--- Task to carry out ---
Read through the listing, and wherever a line holds the word "Heart", return it.
* * * * * * * * *
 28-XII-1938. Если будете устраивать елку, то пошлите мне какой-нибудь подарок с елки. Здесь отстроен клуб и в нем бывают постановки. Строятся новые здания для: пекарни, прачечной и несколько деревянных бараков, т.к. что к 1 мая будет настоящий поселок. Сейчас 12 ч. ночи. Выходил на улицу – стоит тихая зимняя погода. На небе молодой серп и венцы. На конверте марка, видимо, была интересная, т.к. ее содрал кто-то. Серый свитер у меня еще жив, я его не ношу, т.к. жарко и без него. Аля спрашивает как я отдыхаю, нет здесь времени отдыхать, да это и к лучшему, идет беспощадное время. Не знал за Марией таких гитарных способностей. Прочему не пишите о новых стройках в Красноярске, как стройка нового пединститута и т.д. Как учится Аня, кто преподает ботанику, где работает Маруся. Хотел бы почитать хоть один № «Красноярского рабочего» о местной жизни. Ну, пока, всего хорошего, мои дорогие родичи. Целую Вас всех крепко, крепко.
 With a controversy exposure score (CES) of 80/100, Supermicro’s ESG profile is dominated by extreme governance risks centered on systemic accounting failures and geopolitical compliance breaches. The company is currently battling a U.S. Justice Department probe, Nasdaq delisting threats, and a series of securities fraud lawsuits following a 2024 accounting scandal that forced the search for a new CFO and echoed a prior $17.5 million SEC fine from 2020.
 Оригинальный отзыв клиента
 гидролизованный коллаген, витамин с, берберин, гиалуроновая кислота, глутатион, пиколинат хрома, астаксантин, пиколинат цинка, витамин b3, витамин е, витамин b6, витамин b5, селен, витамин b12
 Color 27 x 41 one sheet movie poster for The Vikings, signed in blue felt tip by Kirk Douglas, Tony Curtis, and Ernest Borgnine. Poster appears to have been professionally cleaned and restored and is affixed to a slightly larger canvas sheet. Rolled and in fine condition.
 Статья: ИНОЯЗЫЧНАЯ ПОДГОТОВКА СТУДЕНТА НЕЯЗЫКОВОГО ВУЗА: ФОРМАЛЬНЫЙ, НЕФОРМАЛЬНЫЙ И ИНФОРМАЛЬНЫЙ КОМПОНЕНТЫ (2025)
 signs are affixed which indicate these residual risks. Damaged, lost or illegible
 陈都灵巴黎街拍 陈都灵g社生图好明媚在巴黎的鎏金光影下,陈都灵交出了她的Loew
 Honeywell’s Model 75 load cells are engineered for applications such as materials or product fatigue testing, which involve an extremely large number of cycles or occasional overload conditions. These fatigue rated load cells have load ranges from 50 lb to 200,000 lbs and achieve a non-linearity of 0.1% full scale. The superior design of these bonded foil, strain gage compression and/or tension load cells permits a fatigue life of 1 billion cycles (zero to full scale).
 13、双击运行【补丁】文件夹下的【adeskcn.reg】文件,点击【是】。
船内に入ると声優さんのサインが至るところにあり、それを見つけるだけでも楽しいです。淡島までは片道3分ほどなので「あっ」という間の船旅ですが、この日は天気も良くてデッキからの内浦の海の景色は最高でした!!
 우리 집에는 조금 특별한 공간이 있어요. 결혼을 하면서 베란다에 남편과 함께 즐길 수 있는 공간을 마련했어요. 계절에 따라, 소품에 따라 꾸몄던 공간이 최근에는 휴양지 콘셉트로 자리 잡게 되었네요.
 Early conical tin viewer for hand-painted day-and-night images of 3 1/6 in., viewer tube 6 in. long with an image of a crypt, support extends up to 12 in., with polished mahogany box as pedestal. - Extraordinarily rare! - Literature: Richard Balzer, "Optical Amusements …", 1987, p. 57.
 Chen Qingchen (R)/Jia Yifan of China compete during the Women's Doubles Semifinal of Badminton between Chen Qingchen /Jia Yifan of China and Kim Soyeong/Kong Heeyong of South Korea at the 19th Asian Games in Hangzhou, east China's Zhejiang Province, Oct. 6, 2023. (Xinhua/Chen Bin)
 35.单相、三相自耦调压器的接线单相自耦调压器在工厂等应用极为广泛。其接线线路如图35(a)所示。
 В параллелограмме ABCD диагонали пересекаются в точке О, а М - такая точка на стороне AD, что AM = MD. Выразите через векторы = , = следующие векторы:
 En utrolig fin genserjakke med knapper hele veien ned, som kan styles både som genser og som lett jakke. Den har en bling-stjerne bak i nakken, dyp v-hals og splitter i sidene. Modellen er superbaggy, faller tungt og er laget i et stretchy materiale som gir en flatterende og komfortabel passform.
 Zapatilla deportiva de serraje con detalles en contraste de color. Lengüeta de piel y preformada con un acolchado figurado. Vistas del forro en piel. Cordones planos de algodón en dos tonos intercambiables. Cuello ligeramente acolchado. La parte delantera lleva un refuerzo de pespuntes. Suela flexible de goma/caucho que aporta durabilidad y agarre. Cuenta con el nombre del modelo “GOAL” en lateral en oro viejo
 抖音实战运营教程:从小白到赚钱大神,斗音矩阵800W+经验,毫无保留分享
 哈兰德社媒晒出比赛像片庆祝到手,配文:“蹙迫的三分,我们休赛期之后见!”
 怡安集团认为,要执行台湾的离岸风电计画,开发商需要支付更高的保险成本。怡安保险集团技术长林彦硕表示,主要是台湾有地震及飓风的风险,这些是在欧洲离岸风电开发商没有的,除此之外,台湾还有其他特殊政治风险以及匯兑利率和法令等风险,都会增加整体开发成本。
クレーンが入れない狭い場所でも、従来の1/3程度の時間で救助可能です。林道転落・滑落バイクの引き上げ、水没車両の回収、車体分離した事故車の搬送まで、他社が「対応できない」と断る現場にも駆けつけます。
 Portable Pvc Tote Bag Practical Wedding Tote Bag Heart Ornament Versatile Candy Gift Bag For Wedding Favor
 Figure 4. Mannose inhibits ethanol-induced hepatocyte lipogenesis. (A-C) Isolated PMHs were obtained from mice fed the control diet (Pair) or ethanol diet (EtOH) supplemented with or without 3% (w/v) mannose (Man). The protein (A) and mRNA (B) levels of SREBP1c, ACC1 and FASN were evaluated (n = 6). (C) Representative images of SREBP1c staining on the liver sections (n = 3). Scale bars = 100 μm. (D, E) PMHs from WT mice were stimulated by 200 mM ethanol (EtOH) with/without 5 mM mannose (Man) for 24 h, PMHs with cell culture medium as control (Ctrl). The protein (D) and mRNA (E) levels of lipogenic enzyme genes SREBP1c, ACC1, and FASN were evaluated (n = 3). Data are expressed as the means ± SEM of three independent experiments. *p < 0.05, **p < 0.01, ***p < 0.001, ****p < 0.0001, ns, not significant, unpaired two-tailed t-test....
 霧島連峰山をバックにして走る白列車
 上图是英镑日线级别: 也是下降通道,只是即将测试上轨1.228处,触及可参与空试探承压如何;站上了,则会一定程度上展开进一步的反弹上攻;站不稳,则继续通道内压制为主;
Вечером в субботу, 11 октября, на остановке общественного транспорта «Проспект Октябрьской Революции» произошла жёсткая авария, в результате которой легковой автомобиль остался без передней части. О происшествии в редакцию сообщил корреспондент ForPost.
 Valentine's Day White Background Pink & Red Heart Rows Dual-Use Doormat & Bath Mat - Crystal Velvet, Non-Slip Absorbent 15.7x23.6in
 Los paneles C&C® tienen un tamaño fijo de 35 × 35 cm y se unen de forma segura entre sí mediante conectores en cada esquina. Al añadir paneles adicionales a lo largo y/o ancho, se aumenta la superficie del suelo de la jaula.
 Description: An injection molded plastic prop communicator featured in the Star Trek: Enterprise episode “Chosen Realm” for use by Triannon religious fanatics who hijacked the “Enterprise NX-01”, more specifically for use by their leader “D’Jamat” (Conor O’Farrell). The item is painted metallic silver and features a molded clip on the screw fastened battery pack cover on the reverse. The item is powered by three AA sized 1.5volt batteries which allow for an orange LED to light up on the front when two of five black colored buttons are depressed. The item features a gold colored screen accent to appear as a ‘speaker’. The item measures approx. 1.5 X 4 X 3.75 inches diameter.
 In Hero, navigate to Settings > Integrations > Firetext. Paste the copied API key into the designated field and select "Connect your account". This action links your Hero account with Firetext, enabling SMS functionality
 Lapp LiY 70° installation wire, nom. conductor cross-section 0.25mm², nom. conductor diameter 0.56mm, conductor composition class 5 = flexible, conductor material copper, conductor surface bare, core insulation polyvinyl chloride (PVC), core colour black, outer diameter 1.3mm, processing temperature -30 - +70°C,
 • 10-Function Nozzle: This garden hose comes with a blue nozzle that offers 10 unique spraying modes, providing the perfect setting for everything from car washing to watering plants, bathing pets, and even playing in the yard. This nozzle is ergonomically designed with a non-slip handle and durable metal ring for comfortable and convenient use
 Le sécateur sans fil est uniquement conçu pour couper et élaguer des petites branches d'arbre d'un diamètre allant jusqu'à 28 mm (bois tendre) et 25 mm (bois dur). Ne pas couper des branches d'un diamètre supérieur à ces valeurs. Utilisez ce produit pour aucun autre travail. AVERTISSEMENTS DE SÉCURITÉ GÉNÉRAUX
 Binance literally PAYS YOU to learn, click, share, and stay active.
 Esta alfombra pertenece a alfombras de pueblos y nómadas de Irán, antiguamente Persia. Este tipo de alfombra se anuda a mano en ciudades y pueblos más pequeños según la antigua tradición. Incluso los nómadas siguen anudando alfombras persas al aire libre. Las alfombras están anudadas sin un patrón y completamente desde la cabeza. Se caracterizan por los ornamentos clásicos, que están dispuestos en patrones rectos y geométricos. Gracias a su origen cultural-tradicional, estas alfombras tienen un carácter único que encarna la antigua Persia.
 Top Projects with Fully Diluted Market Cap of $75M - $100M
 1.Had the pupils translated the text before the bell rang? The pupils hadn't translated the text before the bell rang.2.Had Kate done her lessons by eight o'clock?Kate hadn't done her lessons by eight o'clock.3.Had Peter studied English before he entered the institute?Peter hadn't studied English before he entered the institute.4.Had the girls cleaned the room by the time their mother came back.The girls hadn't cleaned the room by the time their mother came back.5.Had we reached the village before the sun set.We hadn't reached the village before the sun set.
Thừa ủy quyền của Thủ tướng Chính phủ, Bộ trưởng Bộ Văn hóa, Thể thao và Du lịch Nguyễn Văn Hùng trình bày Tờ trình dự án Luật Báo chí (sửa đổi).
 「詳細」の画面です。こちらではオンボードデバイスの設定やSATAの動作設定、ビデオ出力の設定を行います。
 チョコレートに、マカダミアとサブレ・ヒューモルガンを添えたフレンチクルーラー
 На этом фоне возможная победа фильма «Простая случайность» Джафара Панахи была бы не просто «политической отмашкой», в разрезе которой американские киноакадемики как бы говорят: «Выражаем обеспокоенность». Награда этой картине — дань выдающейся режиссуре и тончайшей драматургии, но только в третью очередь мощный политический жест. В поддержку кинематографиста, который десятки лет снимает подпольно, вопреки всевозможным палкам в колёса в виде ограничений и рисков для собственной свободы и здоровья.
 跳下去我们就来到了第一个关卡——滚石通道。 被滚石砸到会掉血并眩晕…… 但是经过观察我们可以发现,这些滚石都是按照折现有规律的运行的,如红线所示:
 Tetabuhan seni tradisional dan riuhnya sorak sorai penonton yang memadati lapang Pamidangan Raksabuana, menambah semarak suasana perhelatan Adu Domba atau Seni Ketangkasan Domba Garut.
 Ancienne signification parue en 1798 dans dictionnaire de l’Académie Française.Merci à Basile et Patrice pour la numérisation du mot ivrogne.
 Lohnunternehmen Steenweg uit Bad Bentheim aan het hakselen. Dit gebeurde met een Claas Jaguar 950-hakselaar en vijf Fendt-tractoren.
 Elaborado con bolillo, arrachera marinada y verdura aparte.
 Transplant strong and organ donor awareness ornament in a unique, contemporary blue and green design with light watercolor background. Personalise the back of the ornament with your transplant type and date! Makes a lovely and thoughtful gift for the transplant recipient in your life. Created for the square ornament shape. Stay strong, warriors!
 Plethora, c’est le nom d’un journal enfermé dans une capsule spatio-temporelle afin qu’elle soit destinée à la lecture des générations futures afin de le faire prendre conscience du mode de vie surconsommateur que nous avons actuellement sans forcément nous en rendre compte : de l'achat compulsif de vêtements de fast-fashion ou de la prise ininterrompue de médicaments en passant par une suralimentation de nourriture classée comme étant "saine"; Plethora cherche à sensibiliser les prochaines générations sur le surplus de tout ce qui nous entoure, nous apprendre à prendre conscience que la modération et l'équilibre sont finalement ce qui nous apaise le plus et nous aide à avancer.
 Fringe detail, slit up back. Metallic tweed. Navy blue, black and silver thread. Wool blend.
* * * * * * * * *
--- Task result ---
 Portable Pvc Tote Bag Practical Wedding Tote Bag Heart Ornament Versatile Candy Gift Bag For Wedding Favor
 Valentine's Day White Background Pink & Red Heart Rows Dual-Use Doormat & Bath Mat - Crystal Velvet, Non-Slip Absorbent 15.7x23.6in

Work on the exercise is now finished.